Realizan bellas obras labradas con marfil procedente de los colmillos de elefantes de África y la India. Son objetos de uso personal como peines, agujas, botones o espátulas para aplicar cosméticos, pero sobre todo los emplean para elaboran placas que decoran muebles de alta calidad.

La industria vidriera es muy apreciada como objetos de lujo por la población autóctona. Se realizan cuentas de collar, amuletos, ungüentarios y otros recipientes, hechos a molde, tallados y los más con la técnica del núcleo de arena. El alabastro, piedra blanca y traslúcida similar al mármol, lo traen de la cultura egipcia. Los objetos elaborados de este material, en su mayoría vasos, urnas y anforillas, forman parte de los ajuares en las tumbas destinadas a las personas de elevada clase social.

Aportan un contingente humano al territorio peninsular que, con el paso del tiempo, se mezcla con la población autóctona. Con ellos llega un nuevo mundo de creencias y valores que adoptan las sociedades nativas, dando lugar al fenómeno que se conoce como «periodo orientalizante». Su presencia va modificando algunos hábitos de la vida de los íberos, contribuyendo además a incrementar las diferencias sociales entre éstos. El mayor esplendor de esta cultura tiene lugar durante los siglos VII y VI a.C.

Los fenicios adoran a numerosos dioses, que representa a las fuerzas de la naturaleza. Melkart quizás es la divinidad más importante. Es en un principio un dios del campo y llega a ser el guardián de la ciudad de Tiro. Además es el protector de la navegación, guía de los viajes marítimos y de las actividades comerciales. Su culto se extiende por todas las colonias de Tiro. Cuando fundan Gadir le consagran un templo en el lugar donde hoy se encuentra el islote de Sancti Petri.

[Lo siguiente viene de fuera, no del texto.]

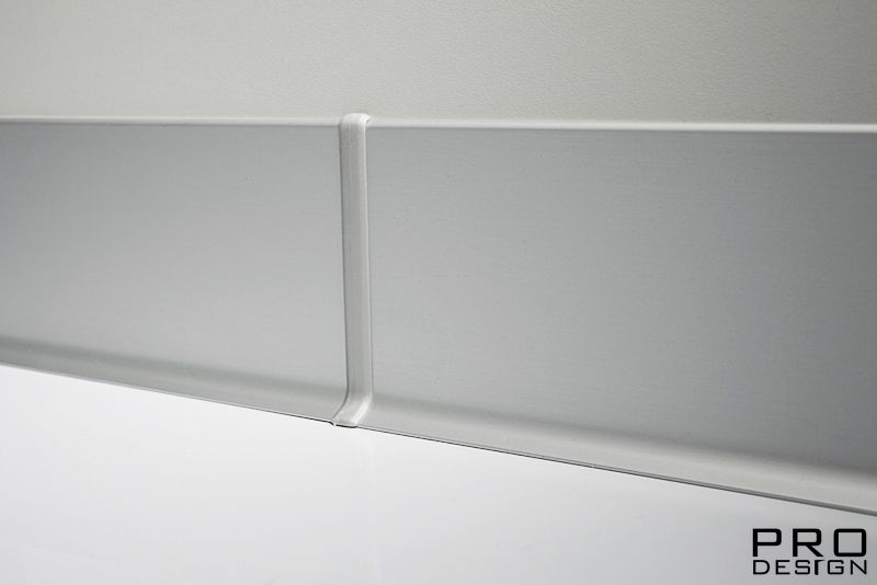 Плинтус Profilpas 90 изготовлен из анодированного алюминия, расцветка - матовое серебро.

El ocaso de los fenicios se produce en el año 573 a.C. al caer la ciudad de Tiro en manos de Nabucodonosor, rey de Babilonia, debilitando la riqueza y el poder de todo este pueblo. Comienza una reorganización que hace que las colonias se desliguen de oriente y constituyan un nuevo marco político y social. Los cartagineses, herederos culturales de los fenicios, se alzan con el control del Mediterráneo Occidental. Su base está en la ciudad de Cartago, en el norte de África, convirtiéndose en una fuerza dominante que acabará con el enfrentamiento armado contra la potencia emergente de Roma.